▶ Brief
One range is to be output from the listing below, exactly as written: the line with "D.フタリシズカ (センリョウ科)" to the line with "Ta med dig ditt", both kept.

▶ Data to process
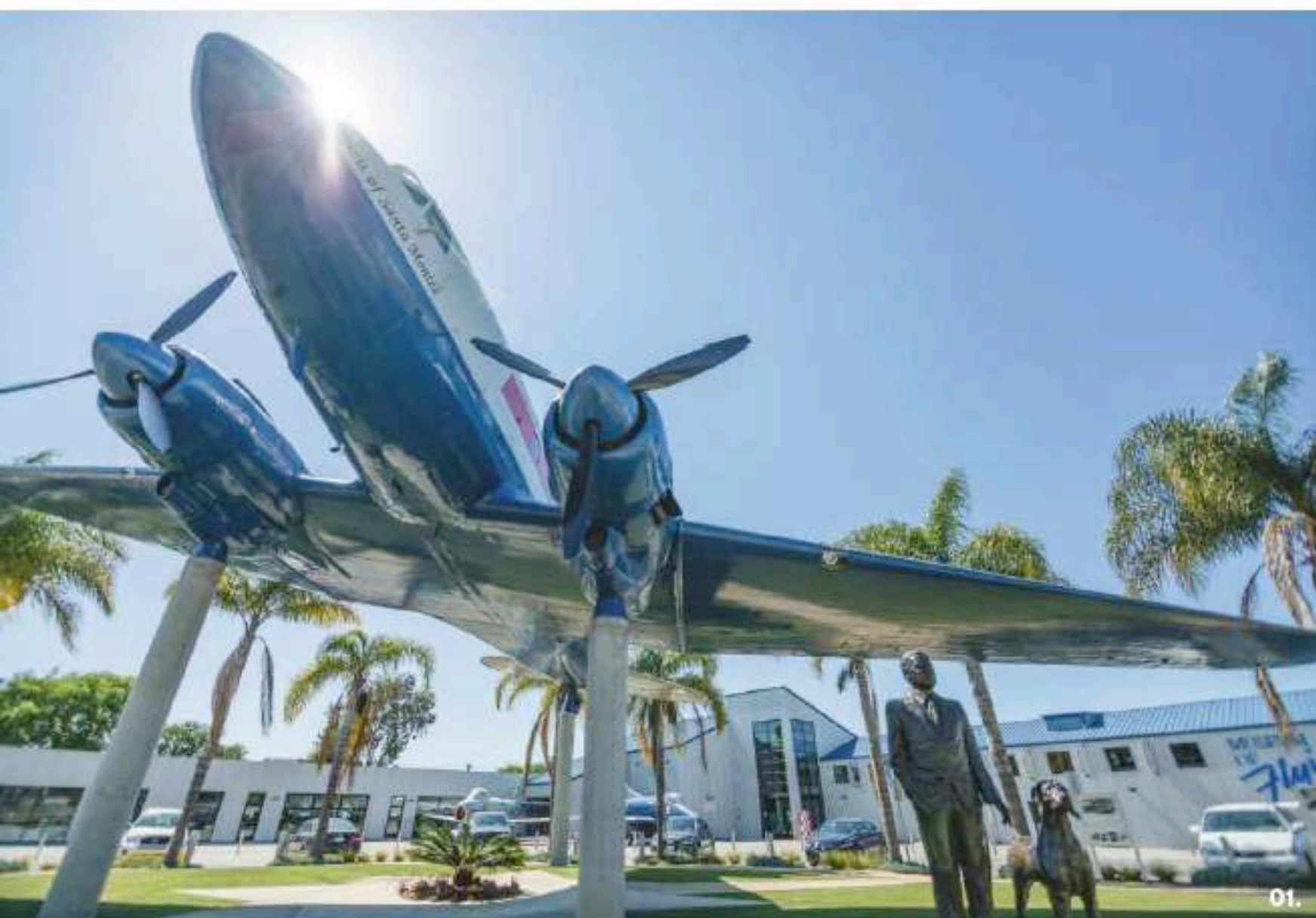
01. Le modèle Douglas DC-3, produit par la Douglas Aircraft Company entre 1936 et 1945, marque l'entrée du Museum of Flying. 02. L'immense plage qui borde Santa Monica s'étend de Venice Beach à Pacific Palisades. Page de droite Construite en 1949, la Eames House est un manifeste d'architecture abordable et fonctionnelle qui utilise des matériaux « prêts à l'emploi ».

--

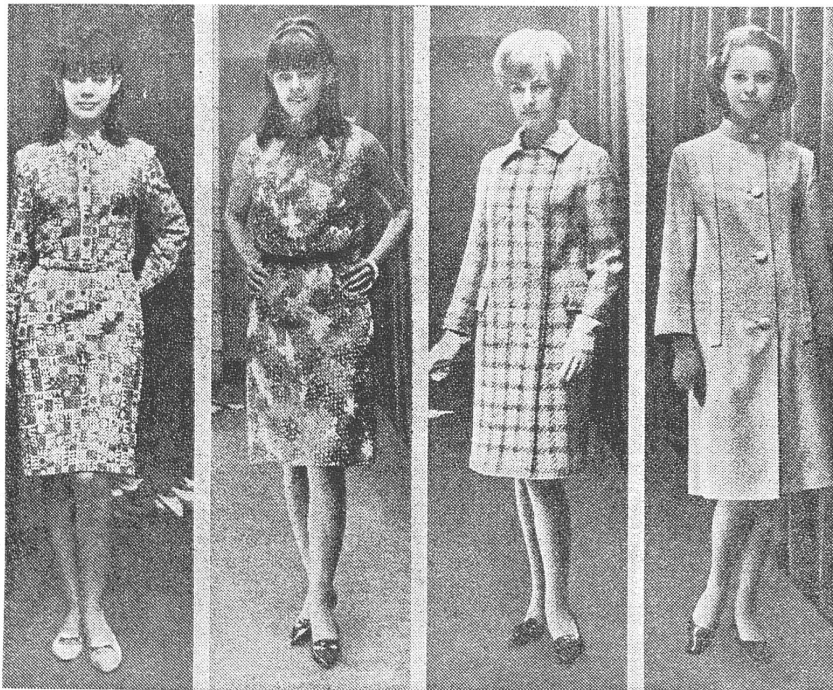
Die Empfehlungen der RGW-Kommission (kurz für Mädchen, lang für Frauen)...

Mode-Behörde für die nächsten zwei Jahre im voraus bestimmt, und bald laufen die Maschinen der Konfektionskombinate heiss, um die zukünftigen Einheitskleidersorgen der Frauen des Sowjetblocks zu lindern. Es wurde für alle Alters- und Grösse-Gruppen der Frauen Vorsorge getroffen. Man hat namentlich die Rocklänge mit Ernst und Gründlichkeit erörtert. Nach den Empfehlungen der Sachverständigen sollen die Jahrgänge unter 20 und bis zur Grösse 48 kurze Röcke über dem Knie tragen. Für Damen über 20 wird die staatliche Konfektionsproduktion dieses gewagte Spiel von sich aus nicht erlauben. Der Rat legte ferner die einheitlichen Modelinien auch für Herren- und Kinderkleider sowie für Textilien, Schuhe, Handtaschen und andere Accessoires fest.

--

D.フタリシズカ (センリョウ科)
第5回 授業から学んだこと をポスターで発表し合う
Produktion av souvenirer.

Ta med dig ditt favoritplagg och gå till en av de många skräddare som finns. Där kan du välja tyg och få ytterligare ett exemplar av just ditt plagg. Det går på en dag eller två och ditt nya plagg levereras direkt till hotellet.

▶ Final answer
D.フタリシズカ (センリョウ科)
第5回 授業から学んだこと をポスターで発表し合う
Produktion av souvenirer.

Ta med dig ditt favoritplagg och gå till en av de många skräddare som finns. Där kan du välja tyg och få ytterligare ett exemplar av just ditt plagg. Det går på en dag eller två och ditt nya plagg levereras direkt till hotellet.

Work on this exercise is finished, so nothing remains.